Pack the Hearing Room & Stop Cuts to the Safety Net

On Thursday May 10, the Fair Budget Coalition sponsored A Day in The Strife, an action at the Wilson Building in protest of Mayor Gray’s proposed cuts to the city’s budget, most of which will once again fall  on the backs of the poor.  For details of what’s in the budget and what’s left out, a good article to read is Kesh Ladduwahetty’s Washington Post article A Tea Party Budget for D.C.  The following video from a Day in the Strife highlights what’s at stake for DC residents who will be directly impacted.

Another DC Budget Balanced on the Backs of the Poor?

Sam Ford Interviews Homeless for ABC 7

April 17, 2012, at his Ward 7 budget town hall meeting, Mayor Vince Gray said, “Just so people are clear. We’re not cutting those things. People will tell you anything. Sometimes they even think they’re right. We’re not cutting homeless services, we’re not cutting affordable housing, we’re not cutting Medicaid, we’re not cutting TANF (Temporary Aid to Needy Families) and we’re not cutting the Summer Youth Employment Program.” Despite this, advocates for social services and affordable housing programs, like the Fair Budget Coalition who’ve been organizing around these issues, will assure you that the mayor’s proposed budget will in no way meet the growing need of DC’s low- and even moderate-income residents in these difficult economic times. In particular, the homeless families living in DC General, whose numbers continue to grow, do not believe maintaining an increasingly tenuous status quo represents their needs or wishes as taxpaying citizens of the District of Columbia. These families made their feelings known at the DC City Council Budget Hearing on April 30, 2012. Only two elected officials, Council Chair Kwame Brown and Ward 8 Councilmember Marion Barry were present at the hearing. ABC 7’s Sam Ford and the Washington Times’ Andrew Harnick covered the story.

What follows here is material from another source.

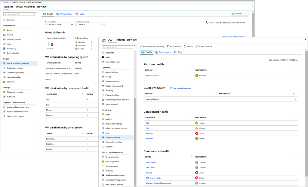 - VM Insights: VM Insights monitors your Azure virtual machines (VM) at scale. It analyzes the performance and health of your Windows and Linux VMs and identifies their different processes and interconnected dependencies on external processes.

The above videos make clear that DC’s safety net isn’t meeting the needs of many of our residents, but given the time constraints of a local news broadcast, it doesn’t go into much depth. For more insight, it doesn’t hurt to follow the analysis of folks like Howard University professor David Schwartzman, who routinely follows the DC budget.

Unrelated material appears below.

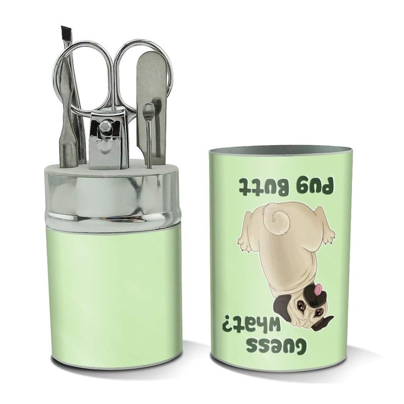 Guess What? Pug Butt Stainless Steel Manicure Pedicure Grooming Beauty Care Travel Kit

Cross-posted from The Mail @ DC Watch written by David Schwartzman

Our Mayor proposes another DC budget balanced on the backs of the poor; should we be surprised? On April 20, we learned that our former mayor, Anthony Williams, has been appointed as Chief Executive of the Federal City Council, the leading local think tank of the 1 percent, or is it the 0.1 percent? (Note that Frank Keating, the former Republican governor of Oklahoma and now president and CEO of the American Bankers Association, is the FCC president). Anthony Williams served on Mayor Gray’s transition team and was also just appointed to head the new Tax Revision Commission. As CFO of the Control Board, Anthony Williams was a key architect of the Urban Structural Adjustment Program that balanced our budget on the backs of our poor, while favoring the wealthy with tax cuts (the Tax Parity Act). The Control Board regime closed DC General Hospital, privatized municipal functions, cut the so-called safety net, and increased our income gap to record levels, while setting the course for Mayor Fenty’s agenda that brought this assault on our working and middle class majority to a new level. And Mayor Gray has not unexpectedly continued along the same road.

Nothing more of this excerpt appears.